BEGIN Listed entries

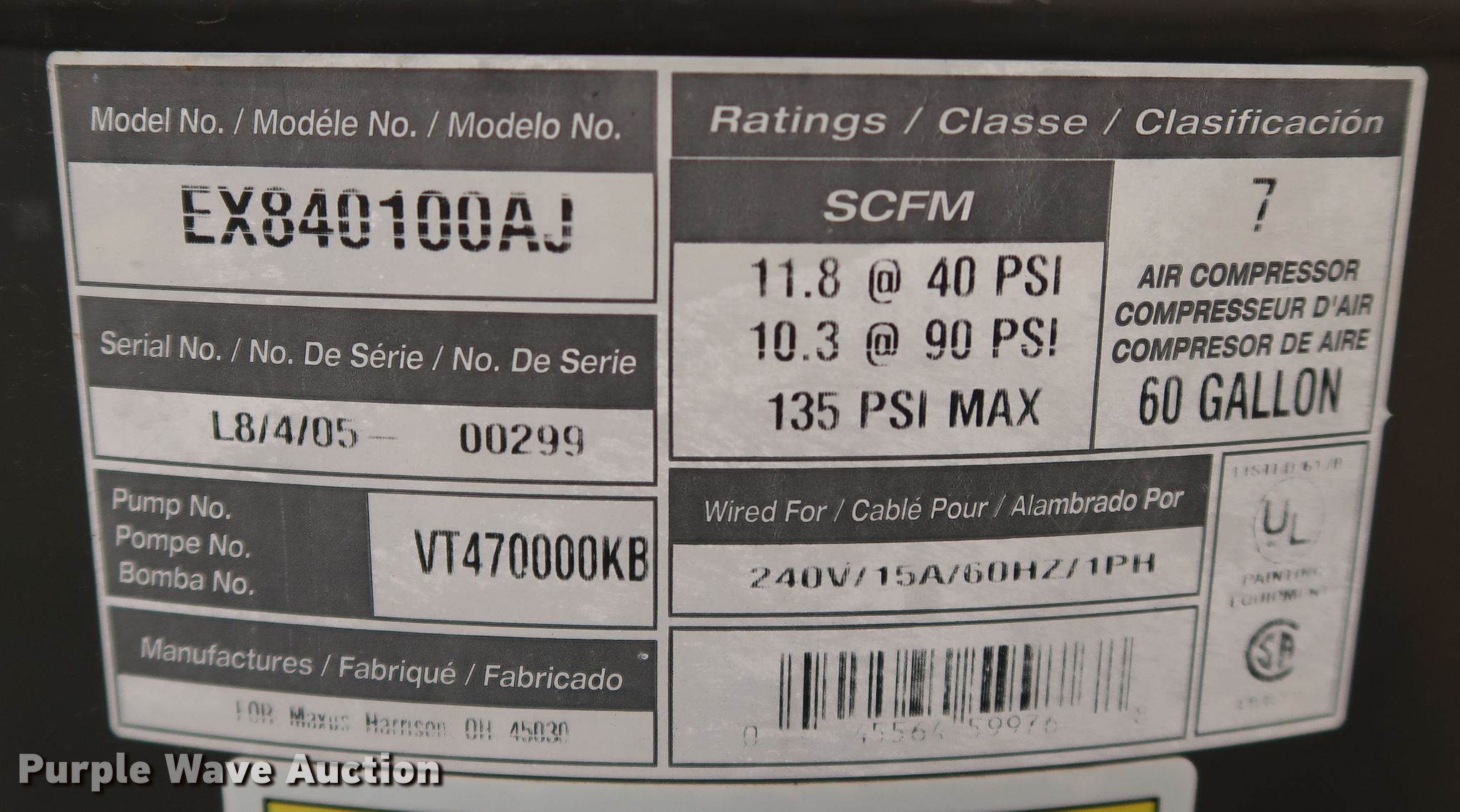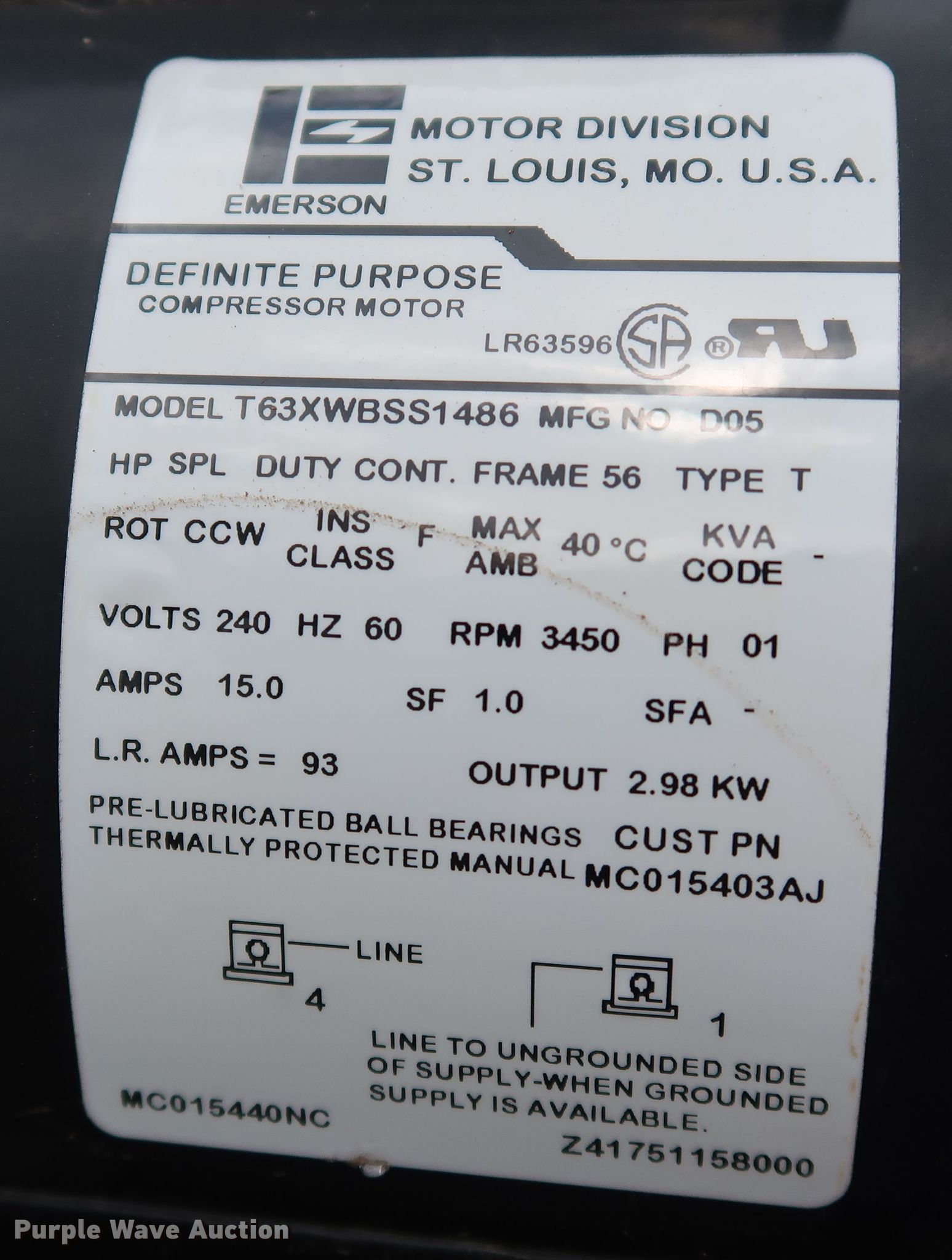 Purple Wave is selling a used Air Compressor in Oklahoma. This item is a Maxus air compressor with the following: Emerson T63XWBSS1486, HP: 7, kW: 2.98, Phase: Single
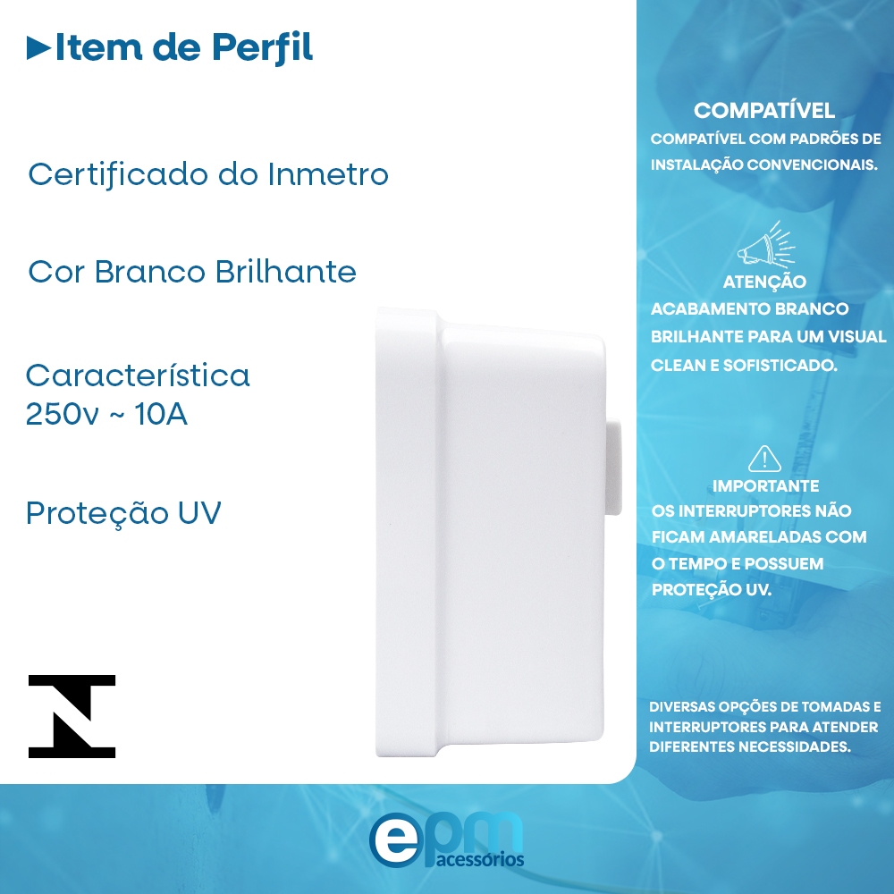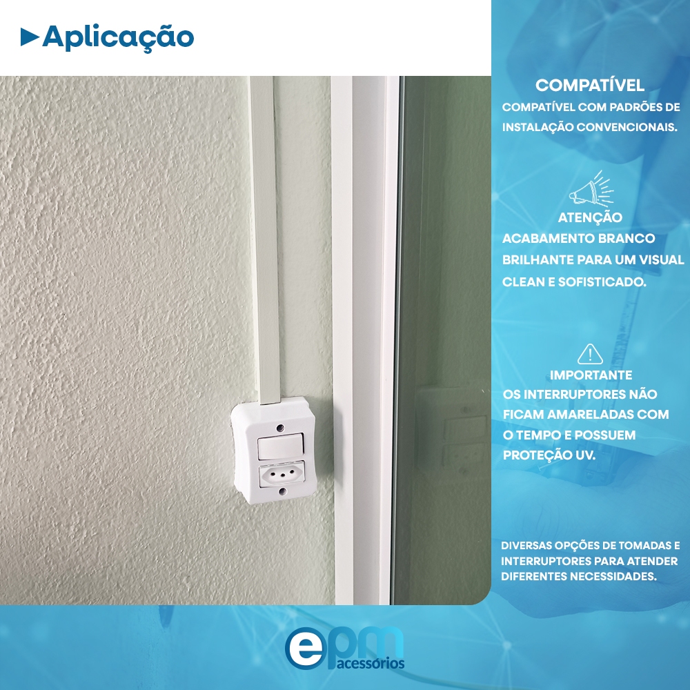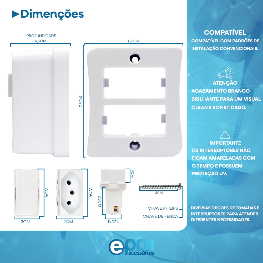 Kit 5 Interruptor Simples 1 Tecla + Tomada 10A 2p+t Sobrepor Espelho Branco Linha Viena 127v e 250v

END Listed entries
BEGIN Listed entries

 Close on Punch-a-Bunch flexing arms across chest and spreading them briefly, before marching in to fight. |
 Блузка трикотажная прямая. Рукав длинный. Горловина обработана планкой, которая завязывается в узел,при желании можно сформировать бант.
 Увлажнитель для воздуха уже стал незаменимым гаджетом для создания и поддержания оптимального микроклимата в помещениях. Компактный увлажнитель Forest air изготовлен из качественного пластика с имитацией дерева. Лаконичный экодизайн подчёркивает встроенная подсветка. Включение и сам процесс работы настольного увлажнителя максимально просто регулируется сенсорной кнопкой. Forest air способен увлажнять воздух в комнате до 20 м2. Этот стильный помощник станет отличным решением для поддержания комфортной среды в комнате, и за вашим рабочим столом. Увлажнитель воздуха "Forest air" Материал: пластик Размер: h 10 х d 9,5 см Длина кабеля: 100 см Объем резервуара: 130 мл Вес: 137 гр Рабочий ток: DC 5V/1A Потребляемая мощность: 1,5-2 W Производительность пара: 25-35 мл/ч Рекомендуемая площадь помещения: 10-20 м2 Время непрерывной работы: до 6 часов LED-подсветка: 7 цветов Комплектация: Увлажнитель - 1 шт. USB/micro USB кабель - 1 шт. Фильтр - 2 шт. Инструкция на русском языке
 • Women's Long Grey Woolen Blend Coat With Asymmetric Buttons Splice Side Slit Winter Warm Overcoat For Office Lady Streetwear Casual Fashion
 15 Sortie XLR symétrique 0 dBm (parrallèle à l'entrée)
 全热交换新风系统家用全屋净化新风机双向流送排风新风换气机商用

END Listed entries
BEGIN Listed entries

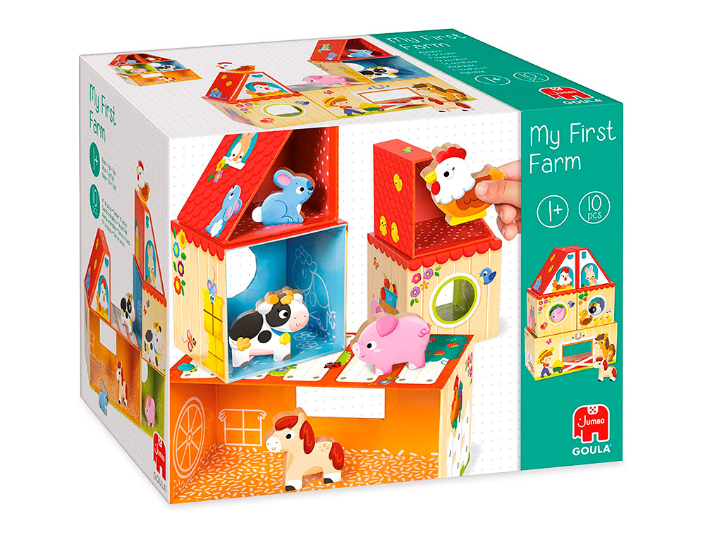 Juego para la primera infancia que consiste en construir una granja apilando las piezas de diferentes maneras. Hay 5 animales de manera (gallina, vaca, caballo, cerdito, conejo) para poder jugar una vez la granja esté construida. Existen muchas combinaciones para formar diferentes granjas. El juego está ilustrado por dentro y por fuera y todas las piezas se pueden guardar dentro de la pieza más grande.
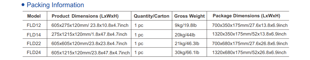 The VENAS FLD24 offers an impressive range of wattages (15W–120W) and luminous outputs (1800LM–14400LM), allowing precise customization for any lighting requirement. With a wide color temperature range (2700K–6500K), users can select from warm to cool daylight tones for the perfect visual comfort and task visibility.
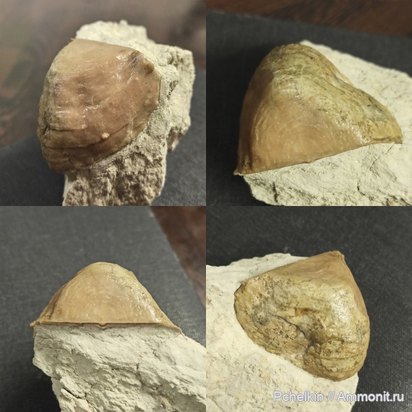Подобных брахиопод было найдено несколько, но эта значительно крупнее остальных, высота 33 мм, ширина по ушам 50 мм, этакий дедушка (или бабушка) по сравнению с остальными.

END Listed entries

What the task requires. Print everything from the line with "Purple Wave is" down to the line with "Kit 5 Interruptor" in the entries above, both lines included and nothing more, without the pictures.

Your response.
 Purple Wave is selling a used Air Compressor in Oklahoma. This item is a Maxus air compressor with the following: Emerson T63XWBSS1486, HP: 7, kW: 2.98, Phase: Single
 Kit 5 Interruptor Simples 1 Tecla + Tomada 10A 2p+t Sobrepor Espelho Branco Linha Viena 127v e 250v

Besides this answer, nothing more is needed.